Maps are part of the workbook and are saved with it. The messages that are extracted are stored separately from the workbook as there can be many from a single workbook.
This allows for a much more intuitive way of exchanging data then using the traditional approach with VBA and a (relational) database. If you've ever tried that you will quickly appreciate how XLConnect will save you technical knowledge, effort and room for bugs.
1.
Version control of workbooks and data
The second core feature is strict control over the versions of workbooks and data. Versioning is a bit of a problem in Excel because it depends on the file system. Suppose Alice created a spreadsheet called MySheet.xlsx. She then emails this spreadsheet to Bob. Now both have identical copies of the workbook with the same name. Now Bob makes some changes and presses save. Now both have different versions of a workbook that are both called MySheet.xslx.
This quickly becomes complicated when collaborating in teams. It requires discipline in sticking to naming conventions and making sure you always open the latest version, yet most will have personal experiences where this fell apart under time pressure. Also we will all have seen spreadsheets called 'MySheet v3.2 Final _ Comments Joe.xlsx'. The label 'final' in Excel names rarely means what it says in the dictionary.
XLConnect allows for a much more strict versioning of both workbooks and data saved in messages.
Versioning Workbooks
Workbooks can be stored on the platform using the Commit command. If you are familiar with source control tools like GIT of SVN you will recognize that word. Commit means saving a particular version of code in such a way that you can always get it back later. XLConnect does the same for your Excel sheets. When you commit a workbook to XLConnect it will do a few things:
- Give that workbook version a unique identifier
- Get an MD5 checksum of that workbook file
- Store which version this version was derived from
- List the changes compared to that previous version in both formulas and VBA
- Store metadata like user, date and comments
All these details are collected and stored automatically (and completely) saving excel developers a lot of laborious work.
Versioning Data
When producing data with Excel, using correct inputs is as important as using the right transformations (workbooks). XLConnect puts data in the Database that provides the same controls as with workbooks.

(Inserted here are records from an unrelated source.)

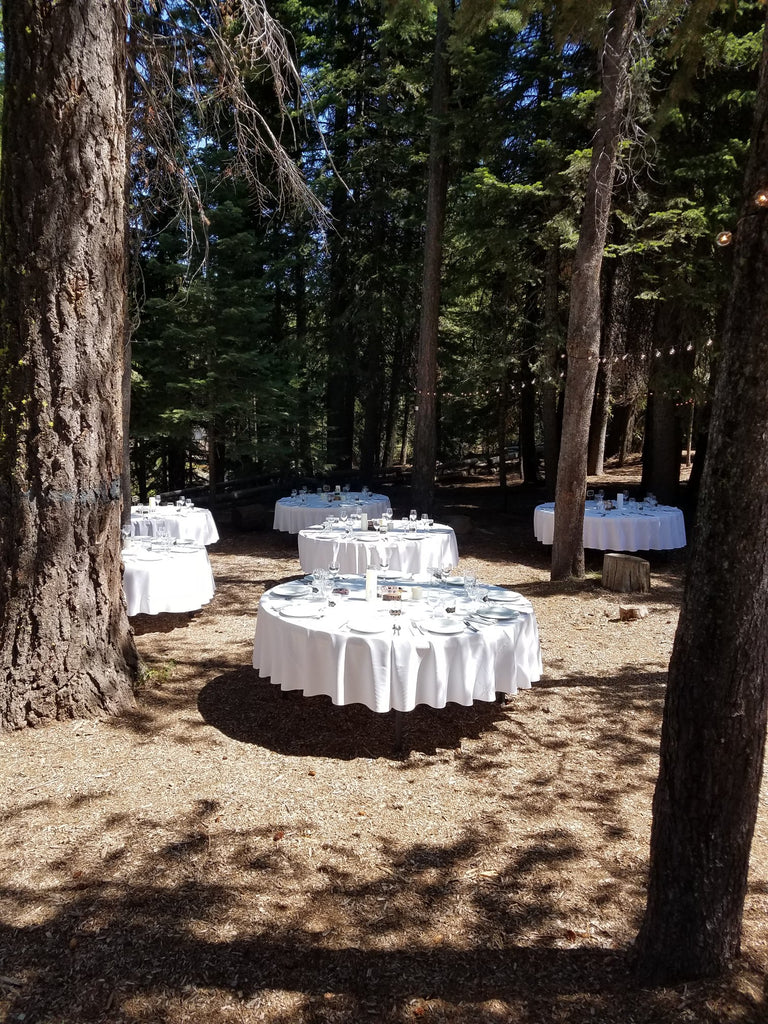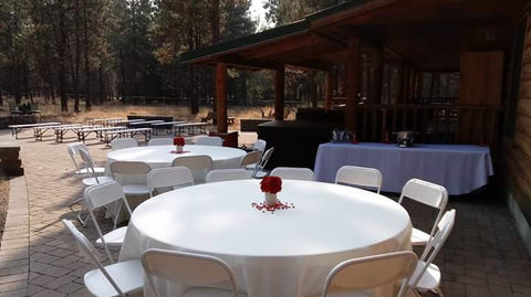 Round, white table seats 10-12. Perfect for large events, wedding party seating and families. Ask about free delivery! Add linens to match your decor by quote. Price reflects rental rate per event.
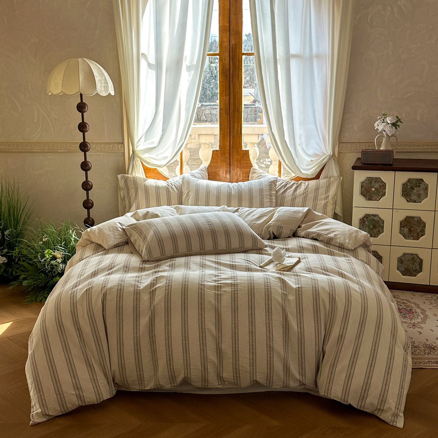 (总)田野 2026新款全棉棉麻四件套-条纹系列,禾风 粉绿,禾风 卡其,禾风 兰灰,禾风 米驼,禾风 紫条
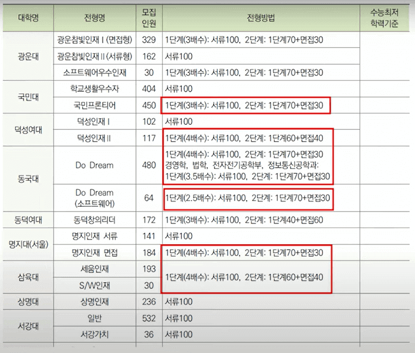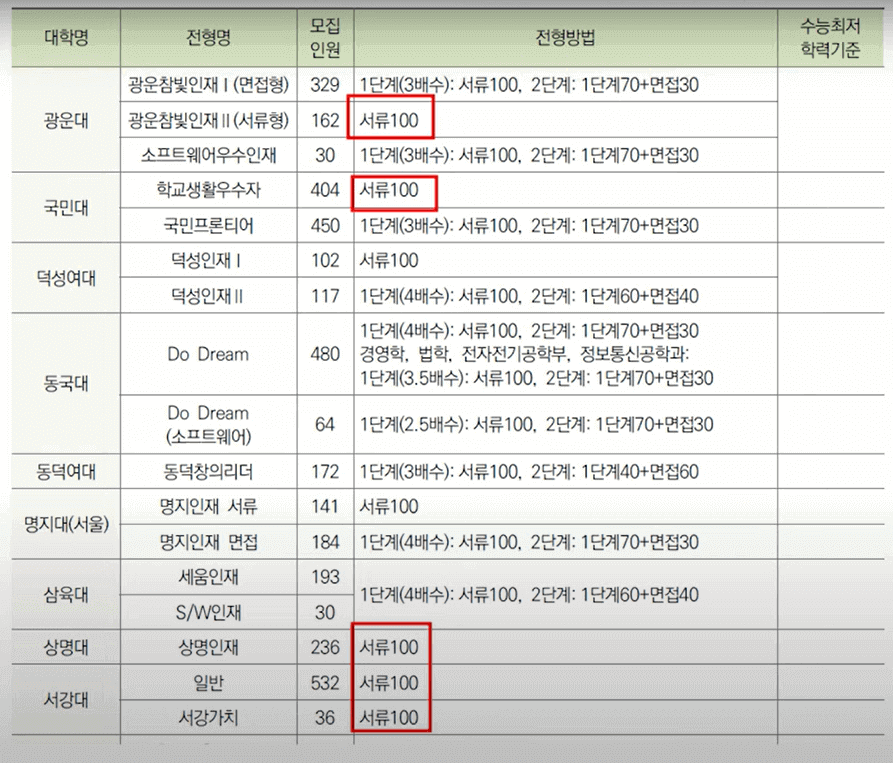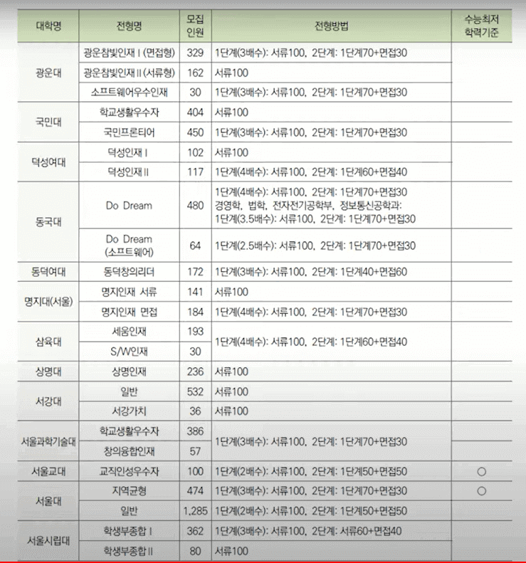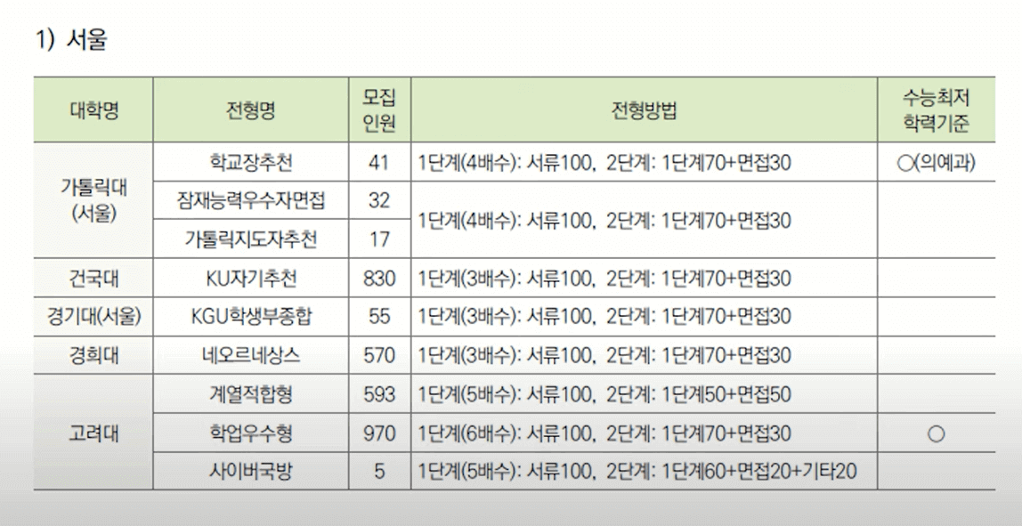 아래 표는 서울 소재 대학들의 학생부종합전형을 정리해 놓은 자료입니다. 각 지역 소재 대학들의 학종 전형방법을 모아 보고 싶으시다면 대입정보 119를 참고하시면 됩니다.
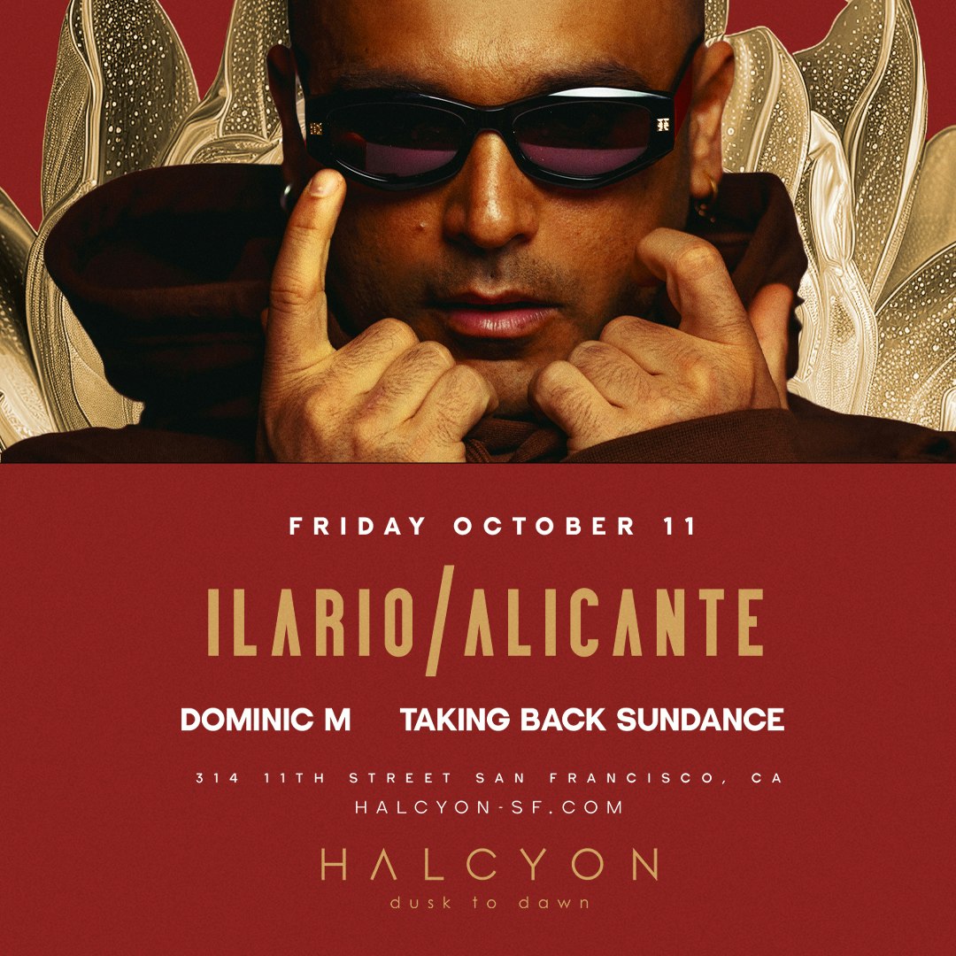 ILARIO ALICANTE the Italian TECHNO stallion and supreme selector charges the dance floor with relentless passion and power! DOMINIC M + TAKING BACK SUNDANCE support the reigning champion of timeless techno. Presented by Halcyon. This is a 21+ event

For every message, metadata is stored about
- who produced it
- when
- from which workbook
- which messages were used as inputs to that workbook
- who approved it
All this logged automatically. With a relational database like Access or SQL Server you would have to program these features into every table that is created which is a lot of repetitive work. With XLConnect these features come out of the box allowing you to quickly build applications that already tick all the compliance boxes without you having to worry about it.
Data Lineage
Every message keeps track of which workbook and other messages were used to produce it. For these messages the same is stored all the way to the first input. XLConnect allows you to navigate this chain intuitively to always understand which data was used in a particular report. The same goes for the workbooks, you can drill through all the versions to understand which changes were made and when. These two lineages combine to paint the complete picture of how a particular message was produced. This is very useful for audit purposes.
Mutable vs Immutable
When you approve a particular piece of information, you do not want people to be able to change it afterwards. The same goes for drilling through the lineage described above, that only reproduces the correct picture when data is not changed. Therefore Messages (MessageVersions to be precise) are immutable. They can written only once, after that they cannot be changed.

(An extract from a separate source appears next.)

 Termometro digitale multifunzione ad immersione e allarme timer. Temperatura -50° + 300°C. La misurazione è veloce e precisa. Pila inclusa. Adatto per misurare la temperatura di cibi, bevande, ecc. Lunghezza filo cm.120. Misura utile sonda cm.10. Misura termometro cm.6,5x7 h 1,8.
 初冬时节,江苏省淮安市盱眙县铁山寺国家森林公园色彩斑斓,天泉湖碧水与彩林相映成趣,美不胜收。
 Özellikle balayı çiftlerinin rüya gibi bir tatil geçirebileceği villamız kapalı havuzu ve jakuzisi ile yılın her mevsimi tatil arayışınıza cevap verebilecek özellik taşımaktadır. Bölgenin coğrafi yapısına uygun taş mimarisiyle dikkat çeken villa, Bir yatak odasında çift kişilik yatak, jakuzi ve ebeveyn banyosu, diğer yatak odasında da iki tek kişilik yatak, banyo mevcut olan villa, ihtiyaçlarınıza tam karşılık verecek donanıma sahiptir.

In practical applications however one needs to change data for all sorts of reasons. When that is required, you write a new message version to the MessageHeader, which effectively is a stack of MessageVerions. If you look at a message header and don't specify anything, you will see the last written message on top of the stack. But older versions are always available. This way the data appears to be mutable for practical applications, but the audit and lineage functions will also work. This same principle applies to workbooks. For more detail how headers and versions are used please refer to chapter 11 – Headers and Versions.
1.
Workflow, Enterprise models and process automation
The third feature is creating and automating workflows, and modelling larger structures out of connected messages. \<\< More on this later, most features not completely ready yet \>\>
1.
External Connections (API's, Databases)
The fourth pillar of XLConnect is the ability to communicate with external systems through REST API's or ODBC connections.
XLConnect itself is built upon REST API's that communicate JSON, this way of building cloud API's is a widely used standard for building API's. This makes it very natural to connect to REST API's created by others to pull in data for your workflows.

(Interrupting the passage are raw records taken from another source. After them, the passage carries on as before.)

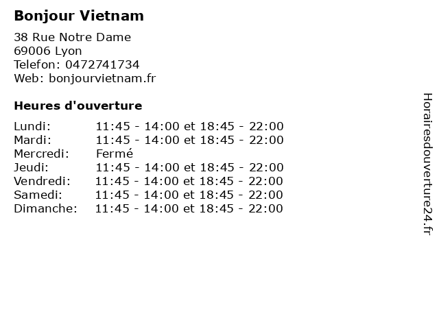 | Mardi | 11:45-14:00 et 18:45-22:00 |
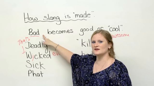 http://www.engvid.com Wow that is sick! Deadly car! Sick? Deadly? Learn how is slang actually "made" in English. Find out how and when to use words like bad-ass, wicked, sick, and da bomb! Then take the quiz at http://www.engvid.com/how-slang-is-made/
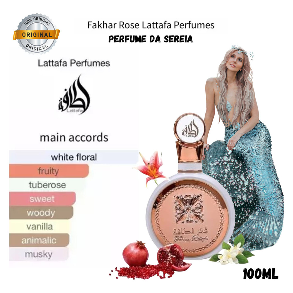 Perfume Árabe Fakhar Rose Lattafa Sereia Feminino 100ml
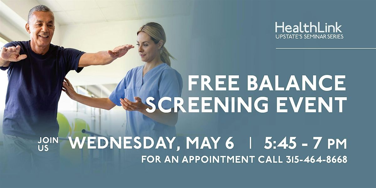 Join physical therapists and occupational therapists from Upstate Physical Medicine and Rehabilitation for a personalized screening of your balance and mobility. Learn how you perform compared to standards for adults and get tips and insights on optimal aging.
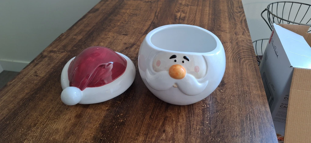 Here's a cute Santa cookie jar with a lid! It's perfect for holiday baking and decorating. The jar is in great condition and ready to hold your favourite treats
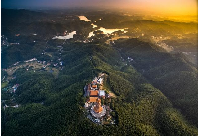 龙山寺所处之地就谓之为龙山,为罗霄山脉一支。地形从东南向西北缓斜,中部为一凹地,范围内东南北三面山丘环绕,北部较为平坦。从远处看,龙山之形状就像一条传说中的龙:龙头昂起,龙体粗壮,龙身绵长,龙尾细腻。整个形状起伏有致,错落大方。
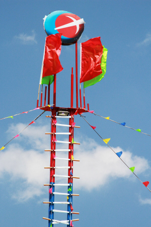 2011年,緬甸傈僳學(xué)會(huì)在密支那舉辦了第一屆世界傈僳闊時(shí)節(jié),第一次將十幾米高的弩弓木雕作為會(huì)徽。該木雕高高聳立于密支那郊區(qū)闊時(shí)節(jié)會(huì)場,還有印有傈僳族徽的紅旗插滿會(huì)場四周,高高飄揚(yáng),與巨型木雕相互輝映,構(gòu)成了一個(gè)以弩弓木雕為核心,族徽紅旗環(huán)繞的闊時(shí)節(jié)會(huì)場空間。其內(nèi)其外,傈僳族空間與非傈僳族空間區(qū)隔明顯。
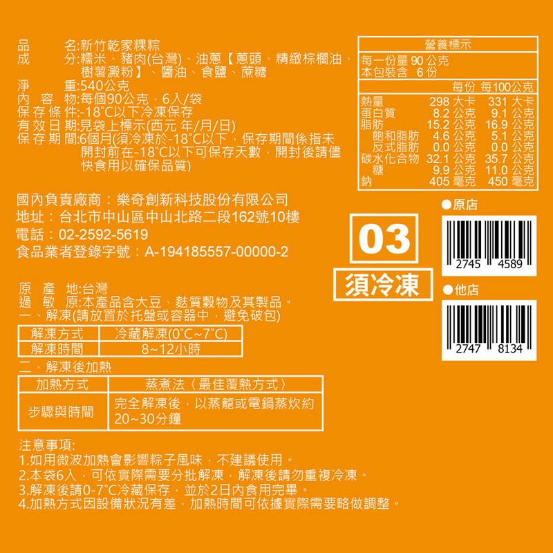 商品名稱:新竹乾家粿粽
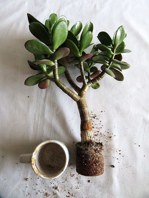 Although this jade plant has been in the same cup for about seven years, I would recommend that you clean the roots every three or four years if you intend to keep one of these.
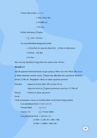 Jadi, air yang diperlukan hingga bak terisi penuh yaitu 144 liter.

For instance you can pull in data about stocks, interest rates, weather or credit scores, to name but a few. The amount of data that is available through REST API's in enormous and can now be used in workflows with a few clicks.
Alternatively, data can also be written to systems that support REST API's, this includes systems like SAP, Navision, Salesforce. This connection also works two ways: XLConnect can call the systems, but these systems can also call XLConnect to retrieve data or call workbooks. This way XLConnect can be used to quickly build workflows that can be integrated into these systems. Excel is a much more productive tool to create computations in than those platforms, combining the two combines the best of both worlds.
If on premise systems do not yet provide REST API's, XLConnect also supports querying databases with parameterized SQL statements through ODBC connections. This can pull in data from these systems for reporting or other purposes.